The San Diego Supercomputer Center (SDSC) at UC San Diego announced that its new Expanse supercomputer formally entered service for researchers following a program review by the National Science Foundation (NSF), which awarded SDSC a grant in mid-2019 to build the innovative system.
At over twice the performance of Comet, SDSC’s current petascale supercomputer, Expanse supports SDSC’s theme of ‘Computing without Boundaries’ with powerful CPUs, GPUs, and a data-centric architecture that supports a wide range of scientific workloads including experimental facilities, edge computing, and public clouds.
“The name of our new system says it all,” said SDSC Director Michael Norman, the principal investigator (PI) for Expanse and a computational astrophysicist. “With innovations in cloud integration and other features such as composable systems, as well as continued support for science gateways and distributed computing via the Open Science Grid (OSG), Expanse will allow researchers to push the boundaries of computing and substantially reduce their times to discovery.”
A key innovation of Expanse is its ability to support composable systems, which can be described as the integration of computing elements such as a combination of CPU, GPU, and other resources into scientific workflows that may include data acquisition and processing, machine learning, and traditional simulation. Expanse also supports integration with the public cloud providers, leveraging high-speed networks to ease data movement to/from the cloud, and a familiar scheduler-based approach.
The new system has been in early-user testing for the past month, with researchers from various domains and institutions running actual research projects to validate Expanse’s overall performance, capabilities, and reliability (see sidebar).
Like Comet, which is slated to conclude operations as an NSF resource on March 2021 after six years of service, Expanse is designed for modest-scale jobs of just one core to several hundred cores. This includes high-throughput computing jobs via integration with the OSG, which can have tens of thousands of single-core jobs. Those modest-scale jobs are often referred to as the ‘long tail’ of science. Virtually every discipline, from multi-messenger astronomy, genomics, and the social sciences, as well as more traditional ones such as earth sciences and biology, depend upon these medium-scale, innovative systems for much of their productive computing.
“Comet’s focus on reliability, throughput, and usability has made it one of the most successful resources for the national research community, supporting tens of thousands of users across all domains,” said SDSC Deputy Director Shawn Strande, a co-PI and project manager for Expanse. “Our approach with Expanse was to assess the emerging needs of the community and then work with our key partners including Dell, AMD, NVIDIA, Mellanox, and Aeon, to design a system that meets or exceeds those needs.”
Expanse‘s standard compute nodes are each powered by two 64-core AMD EPYC 7742 processors and contain 256 GB of DDR4 memory, while each GPU node contains four NVIDIA V100s connected via NVLINK, and dual 20-core Intel Xeon 6248 CPUs. Expanse also has four 2 TB large memory nodes. The entire system, integrated by Dell, is organized into 13 SDSC Scalable Compute Units (SSCUs), comprising 56 standard nodes and four GPU nodes, and connected with 100 GB/s HDR InfiniBand.

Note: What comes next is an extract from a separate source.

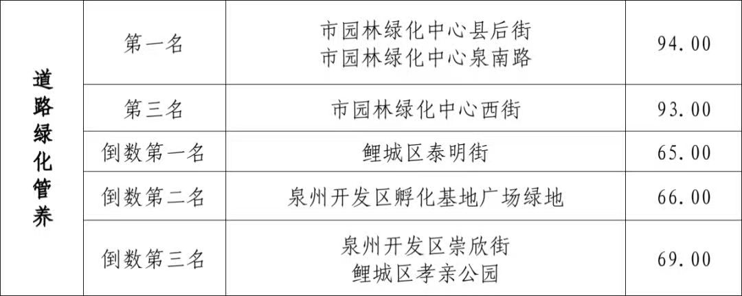 对中心城区53条(82段)内沟河及江岸带的市容和环境卫生管理情况进行抽评,所有受评河段均在70分以上,其中高于90分的河段有8段,其中丰泽区城东街道红树湾——城东旧海堤江岸带和东海街道海悦府——后渚港江岸带、鲤城区江南街道华远驾校——霞洲排洪沟江岸带卫生保洁到位,秩序良好,考评成绩靠前。但部分内沟河及江岸带的环卫作业质量不高,常态化保洁力度较为薄弱,考评成绩不理想,如丰泽区城东街道北渠两岸(海城花苑至安顺路)和北峰街道北渠两岸(丰顺北路至南北大道)、洛江区万安街道北渠万安段两岸。 道路绿化管养专项考评情况

Remarkably, Expanse delivers over 90,000 compute cores in a footprint of only 14 racks. Direct liquid cooling (DLC) to the compute nodes provides high core count processors with a cooling solution that improves system reliability and contributes to SDSC’s energy efficient data center.
Every Expanse node has access to a 12 PB InfiniBand-based Lustre parallel file system (provided by Aeon Computing) that delivers over 140 GB/s. Local NVMe on each node gives users a fast scratch file system that dramatically improves I/O performance for many applications. In 2021, a Ceph-based file system will be added to Expanse to support complex workflows, data sharing, and staging to/from external sources. The Expanse cluster is managed using the Bright Computing HPC Cluster management system, and the SLURM workload manager for job scheduling.
A video of SDSC’s presentation on Expanse during last month’s International Conference for High-Performance Computing, Networking, Storage, and Analysis (SC20) can be found here. Other details and full specifications can be found here.
Expanse will serve as a key resource within the NSF’s Extreme Science and Engineering Discovery Environment (XSEDE), which comprises the most advanced collection of integrated digital resources and services in the world. The NSF award for Expanse runs from October 1, 2020 to September 30, 2025 and is valued at $10 million for acquisition and deployment, plus an estimated $12.5 million for operations and maintenance.